In January 2008, it was announced that Bruno's show on Sporting News Radio had been cancelled, though KNBR hoped to have him continue working with Radnich. He did return to working with Radnich, until August 1, 2011, when Radnich announced KNBR management has decided to drop the half-hour segment with Bruno after 16 years.

===New show and return to Fox Sports Radio===
On September 29, 2008, Bruno got a new show called Into The Night with Tony Bruno, which featured his Executive Producer Tim Cates and introduced Robin Austin. It first aired live on the West Coast from 7 to 10pm on am 570 KLAC, the top ranked Sports station in Los Angeles. After one month exclusively on KLAC, it was syndicated around the country on November 3. Bruno aired the show from various major sporting events.

On July 30, 2009, Premiere Radio Networks announced it had partnered with The Content Factory to distribute Bruno's show across the Fox Sports Radio network beginning August 10. Bruno's contract was not renewed, and he left in September 2011.

===Return to Philadelphia===
On January 18, 2010, Bruno, paired with Harry Mayes, and returned to a daily show from noon to 2 PM on ESPN until June 26, 2014.

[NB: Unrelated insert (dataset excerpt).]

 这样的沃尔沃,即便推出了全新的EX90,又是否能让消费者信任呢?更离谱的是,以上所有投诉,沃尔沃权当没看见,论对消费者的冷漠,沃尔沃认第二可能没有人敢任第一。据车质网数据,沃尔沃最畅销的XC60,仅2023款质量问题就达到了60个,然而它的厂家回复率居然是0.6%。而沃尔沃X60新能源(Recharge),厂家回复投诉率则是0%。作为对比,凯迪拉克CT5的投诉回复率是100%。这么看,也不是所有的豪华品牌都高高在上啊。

On October 13, 2014, Bruno debuted the Tony Bruno Show podcast.

On January 30, 2015, he announced his return to WIP in Philadelphia.

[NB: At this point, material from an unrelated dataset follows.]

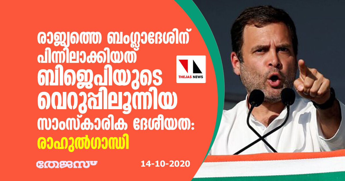 രാജ്യത്തെ ബംഗ്ലാദേശിന് പിന്നിലാക്കിയത് ബിജെപിയുടെ വെറുപ്പിലൂന്നിയ സാംസ്കാരിക ദേശീയത: രാഹുല്ഗാന്ധി

Bruno retired from radio in July 2015 but still continues his live podcast every Wednesday night.

===Sirius XM and SportsMap===
The Tony Bruno Show with Harry Mayes returned to SiriusXM on April 6, 2020, and aired every weekday from 3pm to 6pm EST, on the Dan Patrick Radio channel 211, alongside co-host Harry Mayes. Bruno's program was also among the offerings of the SportsMap Radio Network (the former Sporting News Radio, Yahoo! Sports Radio and SB Nation Radio), after it ended its cross-branding agreements and brought all programming back in-house in July 2020. The show was cancelled by both Sirius XM and SportsMap in late-August 2020 after Bruno made fun of LeBron reading only the 1st page of any book he was pictured with on air & a journalist at Deadspin wrote an article claiming that Bruno disparaged National Basketball Association (NBA) players as illiterate.

==Other work==

===Madden NFL===
Bruno is the host of EA Sports Radio, a show that has appeared on the 2005, 2006, and 2007 versions of the Madden NFL video game. The show has Bruno listing statistics and accomplishments from the previous "week" of play. In addition, he "interviews" players and coaches, takes calls from listeners, and even asks trivia questions.

==Personal life==
Bruno is divorced with three grown children. He lived in Venice, California, for 11 years, then moved back to Philadelphia, Pennsylvania, in September 2011. He recently moved to Cape Coral, FL and lives with his longtime girlfriend, now fiance and producer/manager Robin Austin.